So, Why Integrated Testing?

By: Tony Gallucci

I started teaching English as a Foreign Language at Wolfson College, Cambridge, in 1995, with my Japanese students teaching me more about the realities of teaching than any subsequent training ever could. They were challenging, talented, studious, and hilarious. The group presented a wide range of language abilities, and were culturally so phenomenally different from anything I had experienced before that I soon realized I was learning as much as they were. As I juggled a wide range of didactic, pedagogic, linguistic, and social issues in my classes, all to try and steer them towards their desired aim, I slowly realized that aim was not an exam.

These students wanted to learn English—the exam was just a thing they had to do. I taught them English, and at the end of the course they took the test.

Now, when I say “the test,” I mean it wasn’t my test. It was a test designed by the university, but it didn’t really match up with my students’ desires, or their ability to communicate in the language.

A few years later, I encountered another problem. During a brief stint at a prestigious examination assessment center, I was tasked, as one of many poor unfortunates, with assessing candidates’ written responses to open-ended questions and essay prompts. As one would expect from so august an institution, the exams were developed and quality checked by teams of professional exam developers. Yet, I—along with many other graders—had issues.
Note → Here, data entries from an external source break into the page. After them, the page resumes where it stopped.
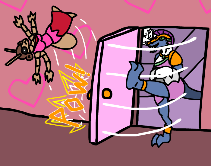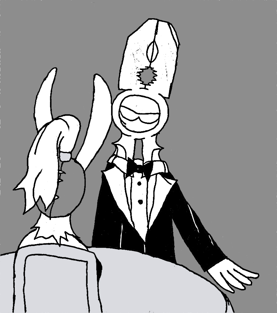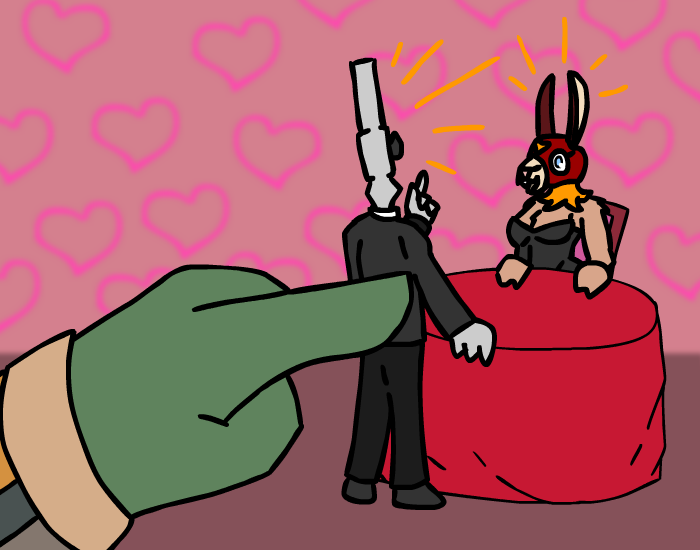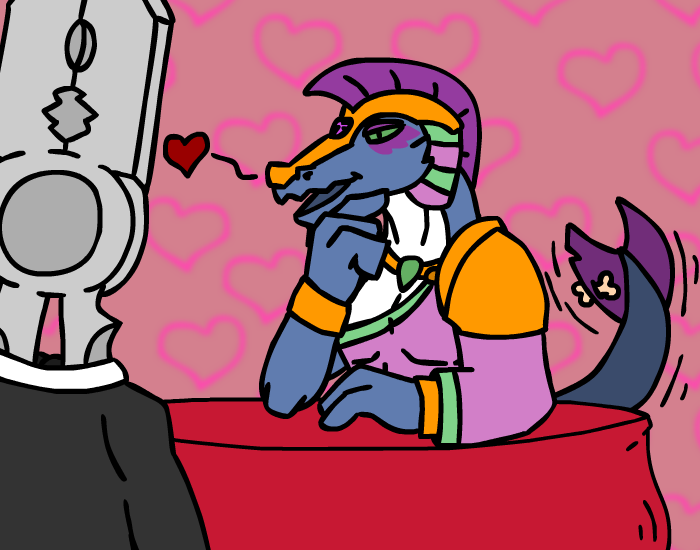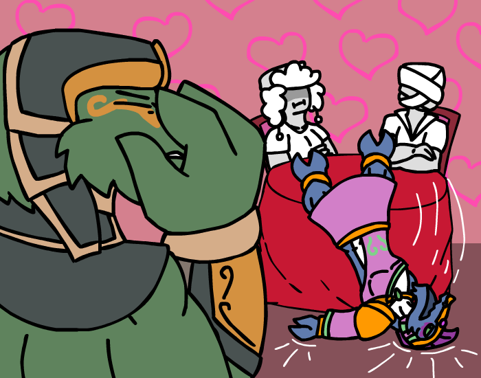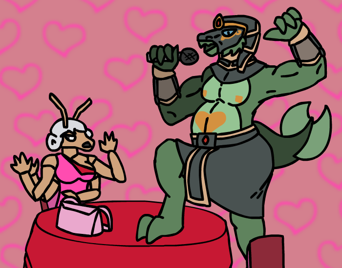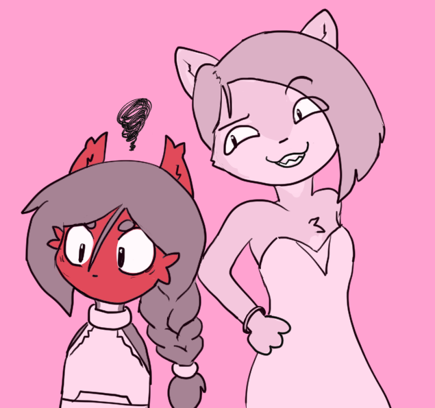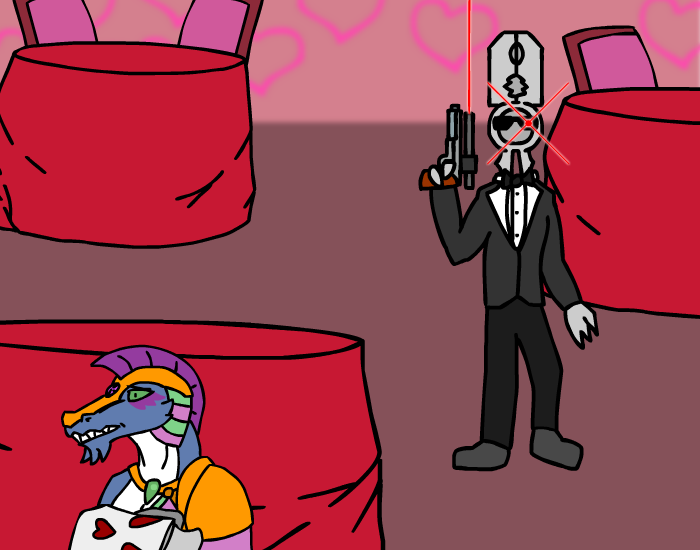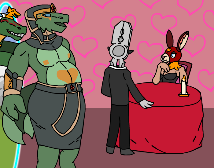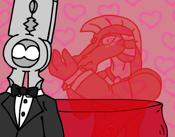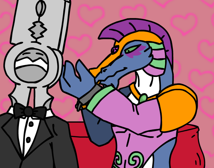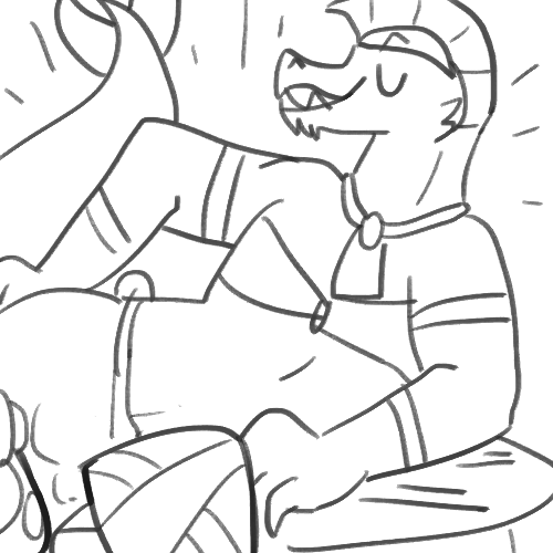 The two completely normal guys turn away and hold counsel, whispering between themselves while the Volin lays down in front of them in what he assumes is a sexy pose, only breaking it to clean his nails a bit. It only takes a few moments before one of the guys stammers out,
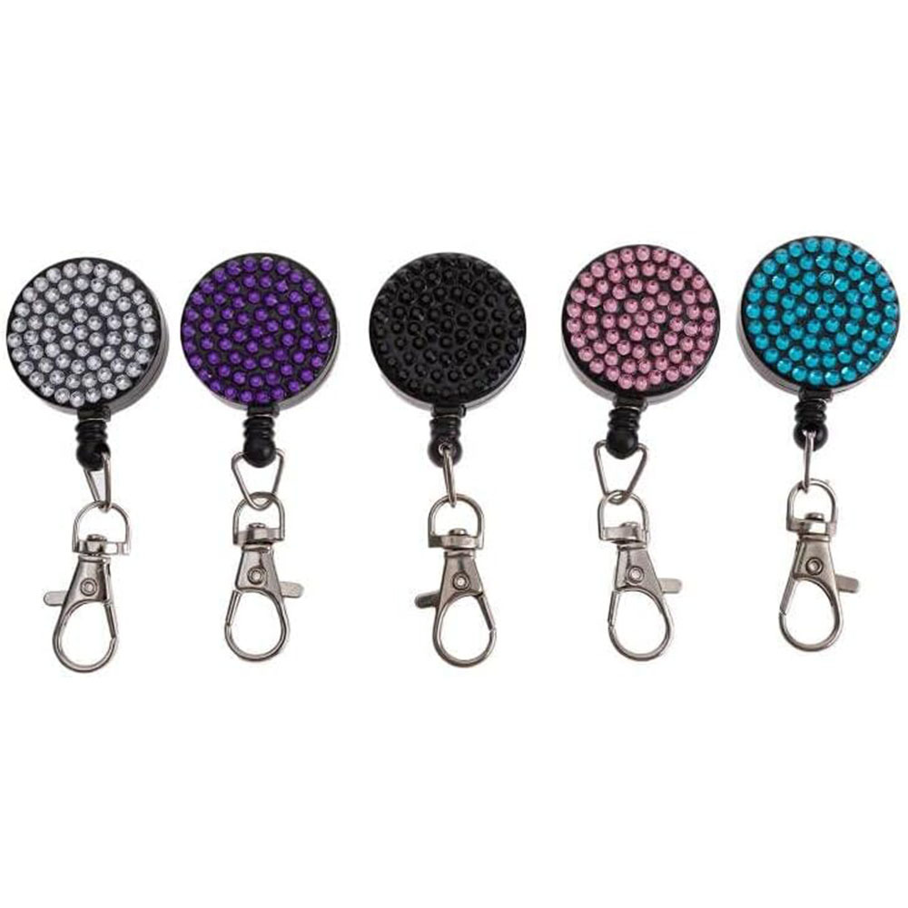 ファッション伸縮可能な水晶首ストラップ、伸縮可能なキラキラバッジクリップ、携帯型ドリルバッジリールクリップ
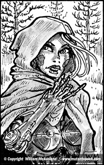The Android Bounty Hunter Example of Pre-Game Castes: Military, Covert Roll a twenty sided dice to discover your android’s pre-game career: Roll 1d20: 1. Bounty Hunter / 2. Bunker Dweller / 3. Junk-Doctor / 4. Repairer / 5. Scavenger / 6. Technician, Cybernetic / 7. Wastelander / 8. Slave, Laborer / 9. Slave, Gladiator / 10. Nomad / 11. Trader / 12. Crafts person / 13. Technician / 14. Street Thug / 15. Raider / 16. Pirate / 17. Thief  / 18.19. Assassin / 20. Mercenary Ink art from page 56 of The Mutant Epoch RPGs Expansion Rules Book.  Learn about this game book at https://www.amazon.com/dp/0994923791 or https://www.outlandarts.com/expansionrules.htm
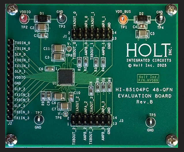 The board demonstrates the HI-85104’s advanced protection architecture. Each transmit channel includes internal short-circuit protection, ensuring other channels continue operating normally even if an individual output is shorted to ground or another line. The device resumes normal transmission automatically when the fault is removed. |
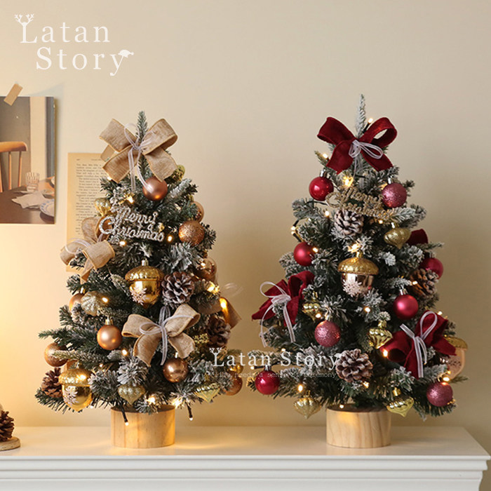 迷你圣诞树2025新款ins风仿真桌面家用套餐小型diy摆件圣诞节装饰
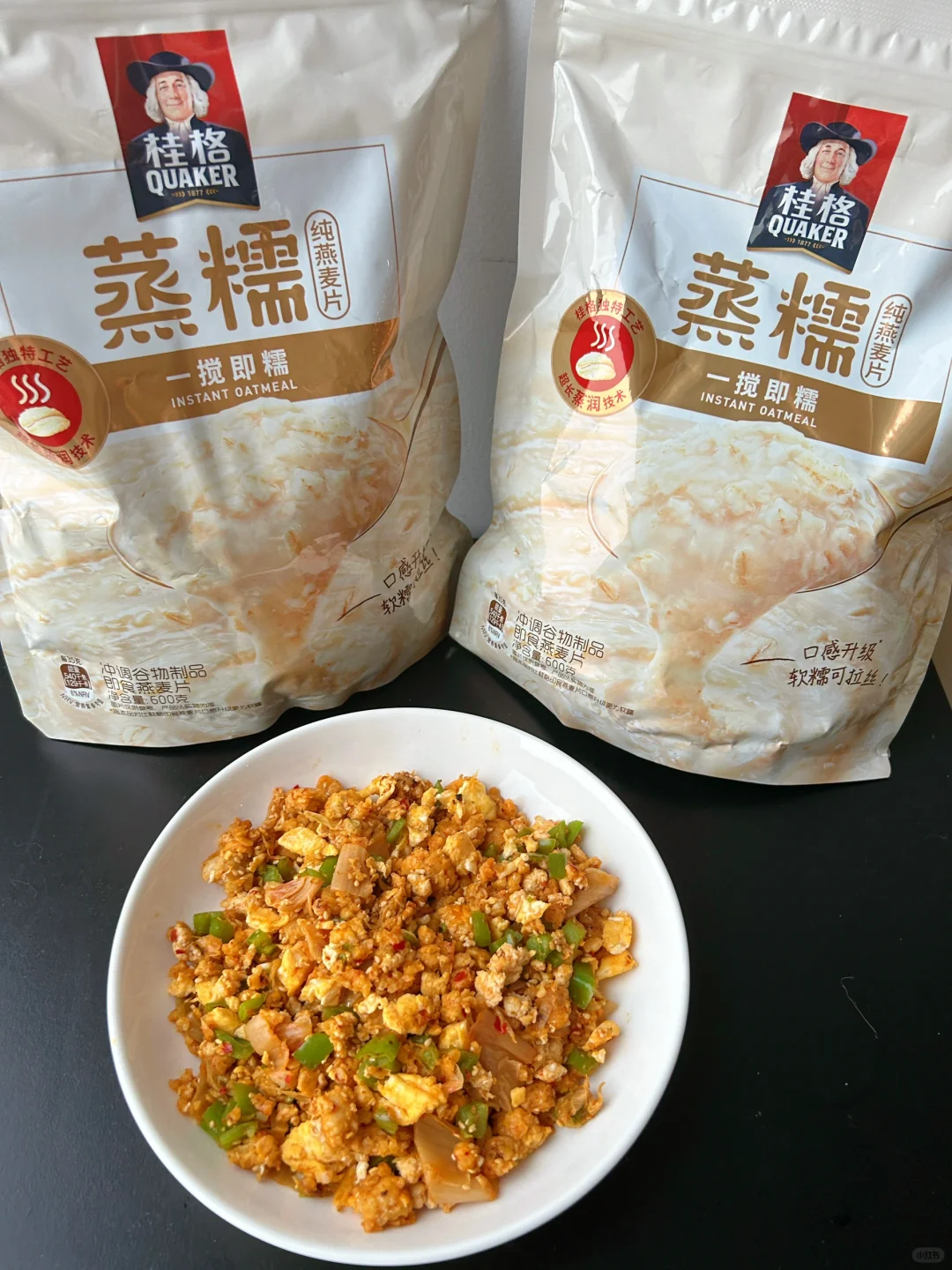 最近解锁了燕麦的新吃法 一直吃甜口的吃腻了 刚好入手了桂格首款糯燕麦-桂格蒸糯即食糯燕麦片 今天用它来制作一个超级香的无米糯燕麦炒饭! 做法也特别简单! 📝准备食材和做法如图 真的简单又好吃!特别适合中国胃的姐妹!富含膳食纤维,对噗噗困难人群友好~而且很轻卡,比普通炒大米饭热量要少些! 而且配方特别干净,富含膳食纤维,对肠道健康很友好,很适合身材管理期的姐妹!这个糯燕麦不会让你失望的🤩
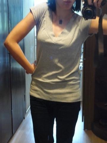 Ilga, pilkos spalvos maikė. Nugara tokio pat kirpimo kaip ir priekis
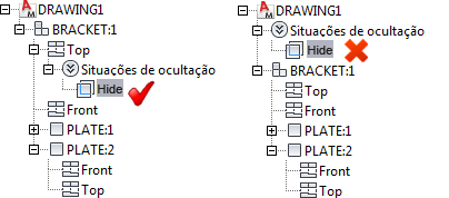 Por exemplo, se você cria uma situação de ocultamento entre duas peças de uma submontagem, a posição mais adequada para armazenar a situação de ocultamento é na submontagem. Se você insere outra instância da submontagem no desenho, a situação de ocultamento também é inserida automaticamente já que é parte integral da submontagem. Por outro lado, se você armazena a situação de ocultamento diretamente abaixo do nome do desenho (o nó raiz do navegador), esta situação não é exibida em nenhuma instância nova que seja criada, já que a submontagem não armazena a situação de ocultamento.
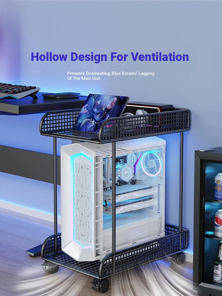 Multi-Layer Gaming PC Tower Stand with Wheels - Mobile Cooling Rack for Desktop Computer Chassis, Ideal for Gaming Rooms
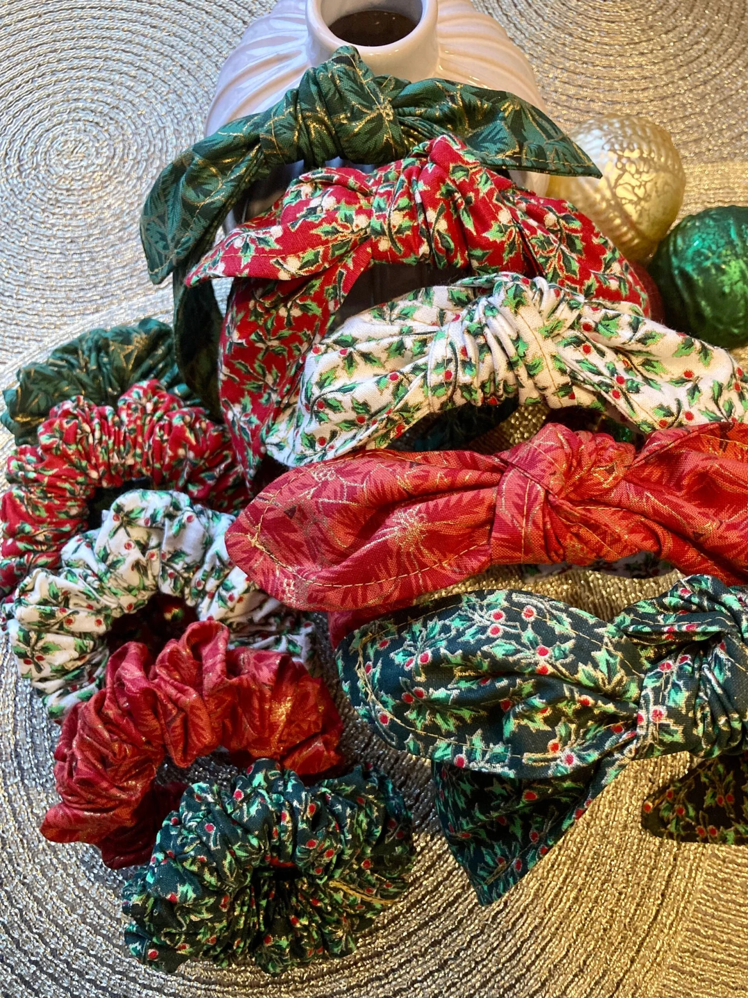 Beautiful Christmas hair accessories in this collection there are bow headbands to choose from and a coordinating scrunchie set! These stunning hair accessories are essential to keep the hair out of the way and adding a burst of pattern to any outfit!
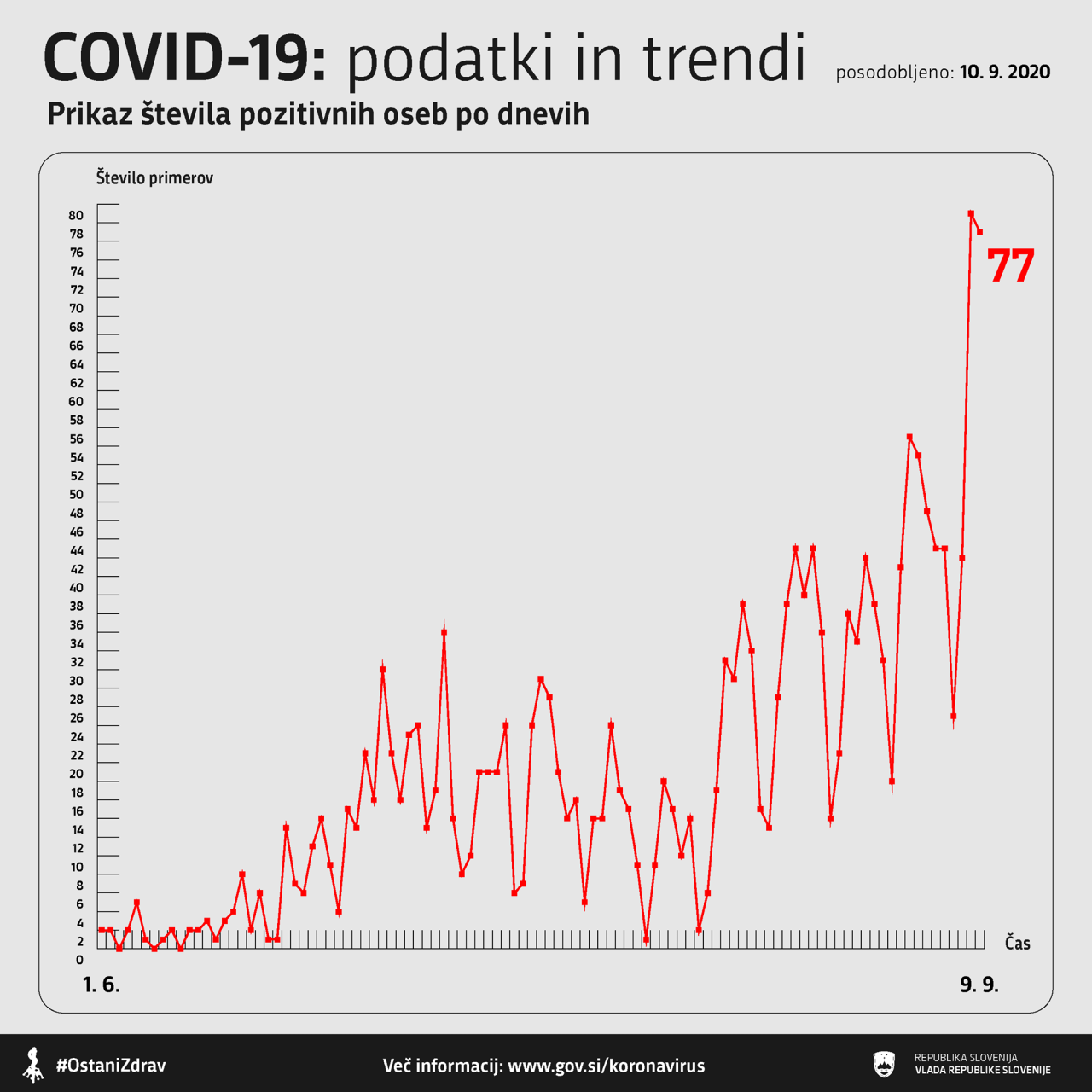 V Sloveniji so včeraj, 9. septembra, opravili 2489 testiranj na novi koronavirus. Potrdili so 77 novih okužb.

Why?

Well, sometimes I felt a candidate’s response was correct even though that response did not match the answer specified by the exam developers. So, what exactly was I assessing? The candidate’s ability to guess what the exam developers expected, or the candidate’s ability to respond appropriately to the questions and prompts?

And so began years of frustration with exams, revolving around key questions of what we are assessing and how we are assessing students’ work.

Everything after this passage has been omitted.